- PROVIDED ENTRIES:

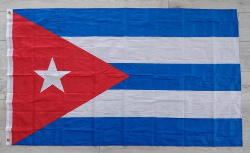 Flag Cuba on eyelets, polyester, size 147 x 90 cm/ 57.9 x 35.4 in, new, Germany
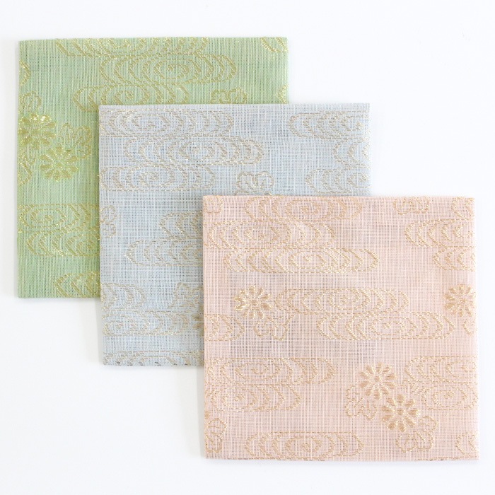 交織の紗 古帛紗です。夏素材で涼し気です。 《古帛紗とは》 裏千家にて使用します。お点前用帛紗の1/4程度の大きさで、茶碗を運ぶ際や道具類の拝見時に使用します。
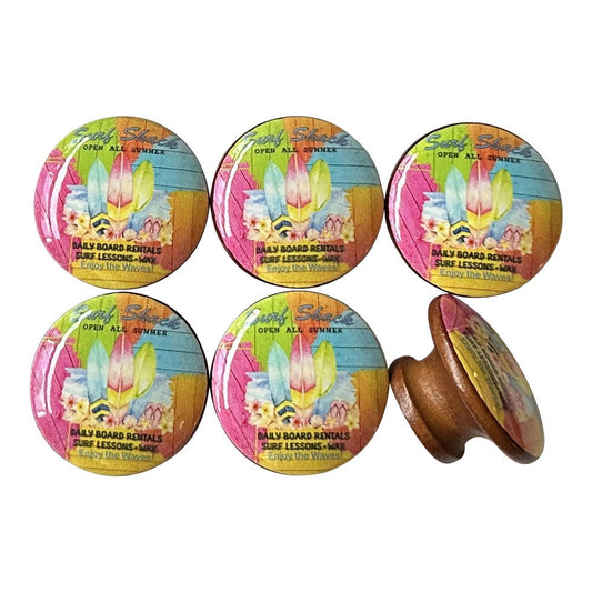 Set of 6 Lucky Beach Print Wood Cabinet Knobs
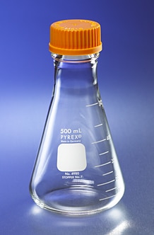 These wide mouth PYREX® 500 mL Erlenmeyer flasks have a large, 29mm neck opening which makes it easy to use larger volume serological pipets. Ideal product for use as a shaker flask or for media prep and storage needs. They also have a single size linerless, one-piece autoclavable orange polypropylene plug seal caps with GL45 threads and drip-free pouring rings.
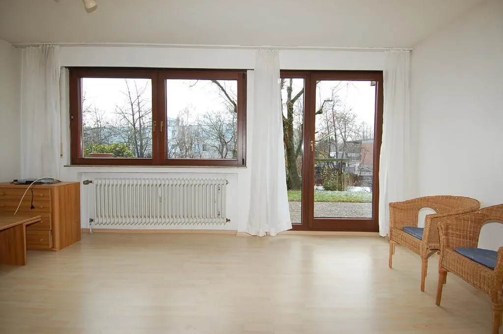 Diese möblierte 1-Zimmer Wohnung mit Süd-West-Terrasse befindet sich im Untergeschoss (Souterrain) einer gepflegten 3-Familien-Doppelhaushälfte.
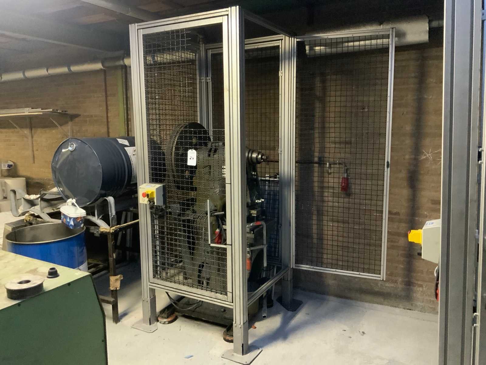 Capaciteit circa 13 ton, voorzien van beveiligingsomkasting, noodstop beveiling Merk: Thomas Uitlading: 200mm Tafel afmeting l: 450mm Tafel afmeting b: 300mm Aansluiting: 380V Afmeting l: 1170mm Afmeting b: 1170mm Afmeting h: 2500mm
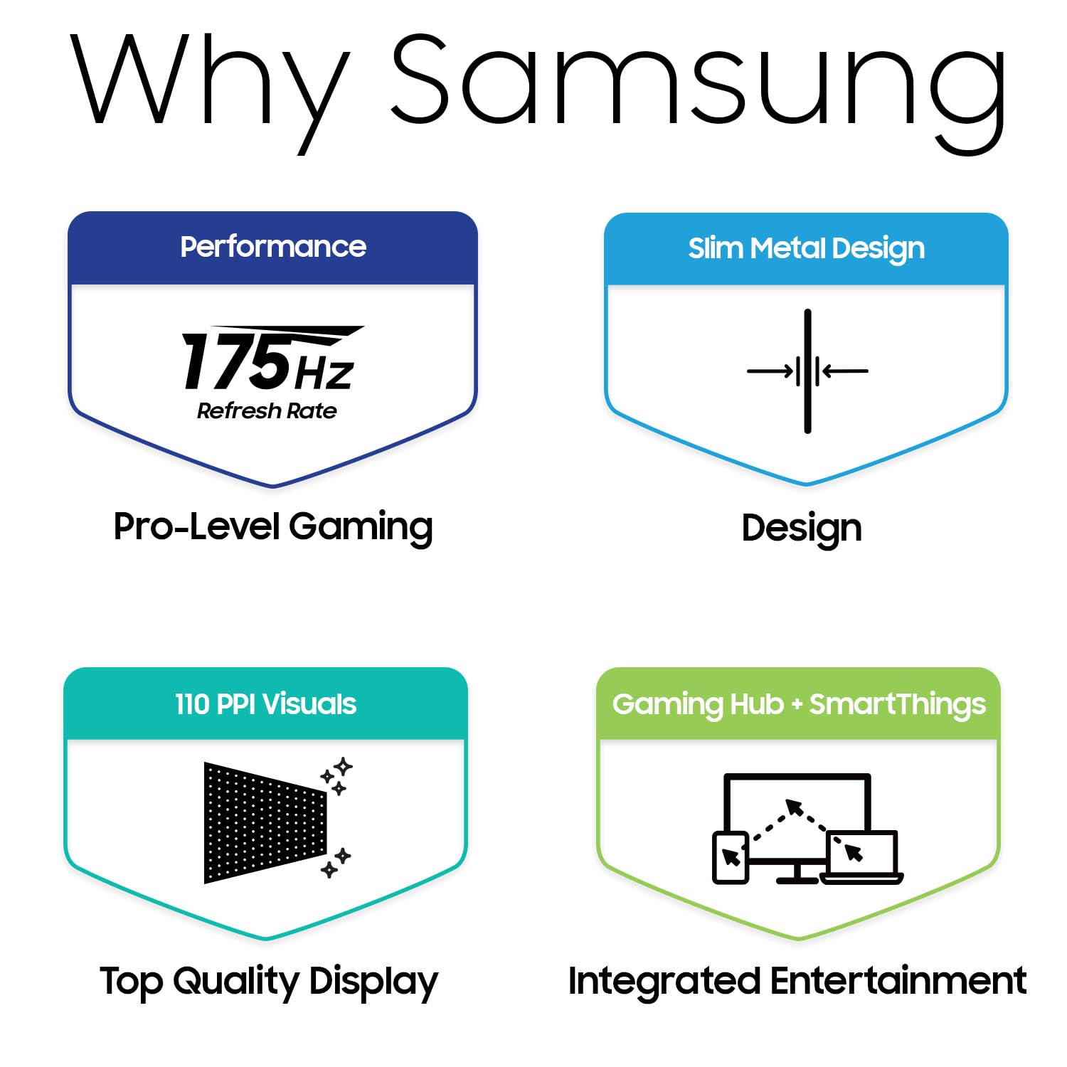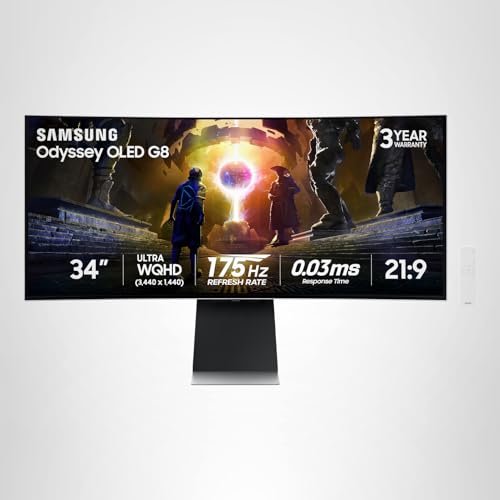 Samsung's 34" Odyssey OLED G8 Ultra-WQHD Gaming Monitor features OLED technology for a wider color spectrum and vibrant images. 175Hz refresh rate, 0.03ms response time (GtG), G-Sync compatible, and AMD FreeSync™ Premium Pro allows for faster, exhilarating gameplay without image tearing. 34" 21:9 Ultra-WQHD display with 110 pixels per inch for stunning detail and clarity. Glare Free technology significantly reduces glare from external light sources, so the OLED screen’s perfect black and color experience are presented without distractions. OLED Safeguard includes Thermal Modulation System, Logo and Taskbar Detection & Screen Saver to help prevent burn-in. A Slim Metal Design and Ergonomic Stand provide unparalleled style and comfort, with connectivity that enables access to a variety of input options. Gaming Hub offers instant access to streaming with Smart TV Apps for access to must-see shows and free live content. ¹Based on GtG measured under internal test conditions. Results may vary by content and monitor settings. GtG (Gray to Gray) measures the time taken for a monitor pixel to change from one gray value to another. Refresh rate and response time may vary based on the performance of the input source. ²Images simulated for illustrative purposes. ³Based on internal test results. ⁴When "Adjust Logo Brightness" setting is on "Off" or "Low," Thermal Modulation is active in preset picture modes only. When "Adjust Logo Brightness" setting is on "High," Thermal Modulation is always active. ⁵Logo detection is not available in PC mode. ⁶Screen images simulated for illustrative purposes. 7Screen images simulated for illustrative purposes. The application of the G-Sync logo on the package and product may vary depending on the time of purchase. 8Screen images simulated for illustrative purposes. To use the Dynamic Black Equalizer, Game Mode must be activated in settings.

- REQUIREMENT: Output every line above exactly as it stands, and drop any picture.

- ANSWER FOR THIS EXERCISE:
 Flag Cuba on eyelets, polyester, size 147 x 90 cm/ 57.9 x 35.4 in, new, Germany
 交織の紗 古帛紗です。夏素材で涼し気です。 《古帛紗とは》 裏千家にて使用します。お点前用帛紗の1/4程度の大きさで、茶碗を運ぶ際や道具類の拝見時に使用します。
 Set of 6 Lucky Beach Print Wood Cabinet Knobs
 These wide mouth PYREX® 500 mL Erlenmeyer flasks have a large, 29mm neck opening which makes it easy to use larger volume serological pipets. Ideal product for use as a shaker flask or for media prep and storage needs. They also have a single size linerless, one-piece autoclavable orange polypropylene plug seal caps with GL45 threads and drip-free pouring rings.
 Diese möblierte 1-Zimmer Wohnung mit Süd-West-Terrasse befindet sich im Untergeschoss (Souterrain) einer gepflegten 3-Familien-Doppelhaushälfte.
 Capaciteit circa 13 ton, voorzien van beveiligingsomkasting, noodstop beveiling Merk: Thomas Uitlading: 200mm Tafel afmeting l: 450mm Tafel afmeting b: 300mm Aansluiting: 380V Afmeting l: 1170mm Afmeting b: 1170mm Afmeting h: 2500mm
 Samsung's 34" Odyssey OLED G8 Ultra-WQHD Gaming Monitor features OLED technology for a wider color spectrum and vibrant images. 175Hz refresh rate, 0.03ms response time (GtG), G-Sync compatible, and AMD FreeSync™ Premium Pro allows for faster, exhilarating gameplay without image tearing. 34" 21:9 Ultra-WQHD display with 110 pixels per inch for stunning detail and clarity. Glare Free technology significantly reduces glare from external light sources, so the OLED screen’s perfect black and color experience are presented without distractions. OLED Safeguard includes Thermal Modulation System, Logo and Taskbar Detection & Screen Saver to help prevent burn-in. A Slim Metal Design and Ergonomic Stand provide unparalleled style and comfort, with connectivity that enables access to a variety of input options. Gaming Hub offers instant access to streaming with Smart TV Apps for access to must-see shows and free live content. ¹Based on GtG measured under internal test conditions. Results may vary by content and monitor settings. GtG (Gray to Gray) measures the time taken for a monitor pixel to change from one gray value to another. Refresh rate and response time may vary based on the performance of the input source. ²Images simulated for illustrative purposes. ³Based on internal test results. ⁴When "Adjust Logo Brightness" setting is on "Off" or "Low," Thermal Modulation is active in preset picture modes only. When "Adjust Logo Brightness" setting is on "High," Thermal Modulation is always active. ⁵Logo detection is not available in PC mode. ⁶Screen images simulated for illustrative purposes. 7Screen images simulated for illustrative purposes. The application of the G-Sync logo on the package and product may vary depending on the time of purchase. 8Screen images simulated for illustrative purposes. To use the Dynamic Black Equalizer, Game Mode must be activated in settings.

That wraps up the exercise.